2. Description of the Prior Art
As a synchronism detector circuit of this kind, the one as shown in FIG. 1 has so far been proposed. Referring to the drawing, numeral reference 1 denotes an inverter used as a CVCF, 2 denotes a commercial power source, and 3 denotes a differential amplifier for amplifying voltage difference between the inverter 1 and the commercial power source 2, the differential amplifier constituted of resistors 4a, 4b, 4c and an operational amplifier 5. Numeral references 6a, 6b denote comparators for comparing a standard signal Vf which provides a detection level with the signal output from the differential amplifier 3 to these comparators 6a and 6b, and 7 denotes an AND circuit for making AND operation for the output signals from the comparators 6a and 6b.
Operation of the circuit in FIG. 1 will be described below. The voltages from the inverter 1 and the commercial power source 2 both having a sinusoidal waveform are input to the differential amplifier 3 for detection of the voltage difference therebetween. When the inverter 1 and the commercial power source 2 are in synchronism, the voltages of the same are equal in amplitude and are in phase. Hence, the level of the output signal from the differential amplifier 3 becomes approximately 0 volt. When, on the other hand, the inverter 1 and the commercial power source 2 are not in synchronism, the output signal from the differential amplifier 3 does not become 0 volt, but becomes .+-. several volts. Such an output signal from the differential amplifier 3 and the reference signal Vf, which is for providing a detection allowance, are compared in the comparators 6a, 6b. When the former is larger than Vf, or smaller than Vf, the output of the comparator 6a or 6b becomes L0, and therefore, the output of the AND circuit 7 becomes L0. The L0 state of the output of the AND circuit indicates that the inverter 1 and the commercial power source 2 are in asynchronism.

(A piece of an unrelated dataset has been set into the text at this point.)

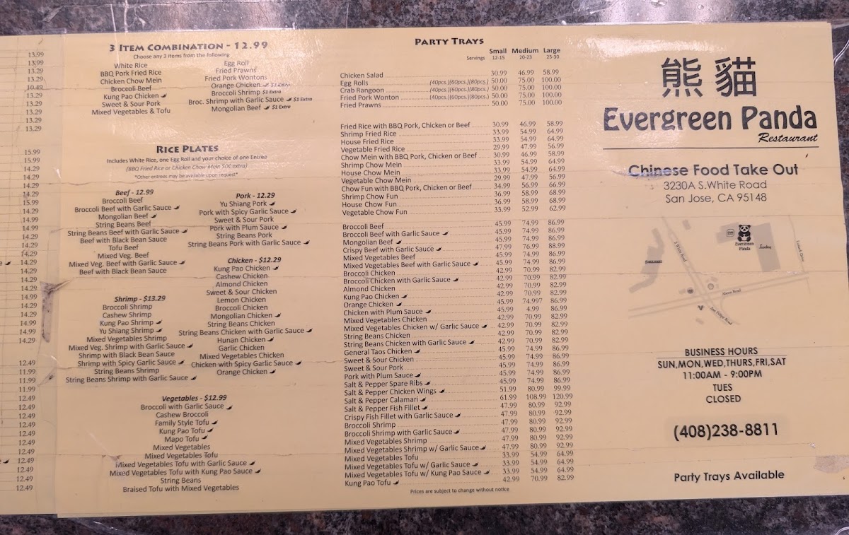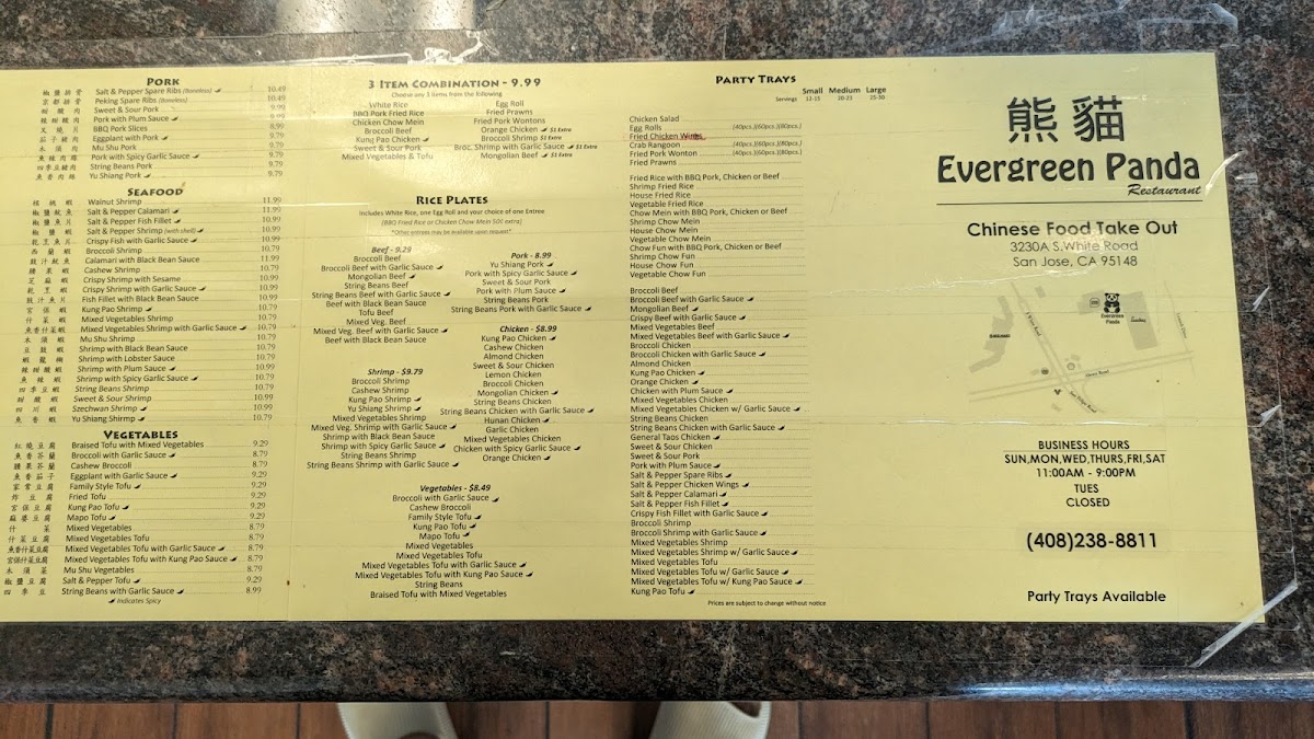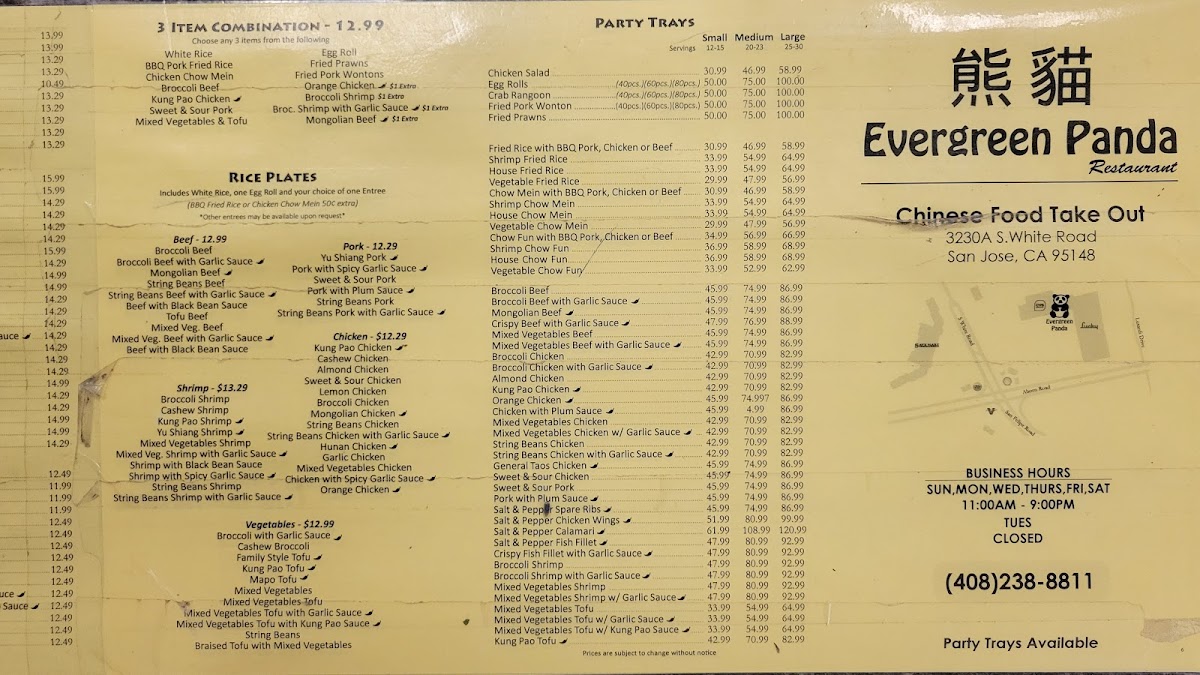 Evergreen Panda Restaurant offers a straightforward, casual menu that centers around classic Chinese dishes crafted with fresh ingredients and made to order. The menu features a comforting mix of rice plates, noodle dishes, and savory entrees that fit well into a quick lunch or relaxed dinner at home.

If a case of switching from the commercial power source to the CVCF is considered, the voltage of the CVCF should be leading by some degrees, in general, because the power source impedance of the CVCF is larger than that of the commercial power source. Therefore, even in such a condition, the state of synchronism should be decided to be "in synchronism" by the detector circuit. However, the prior art synchronism detector circuit had a disadvantage, because of its structure as described above, that it was unable to independently provide both the voltages with different synchronism detection allowances.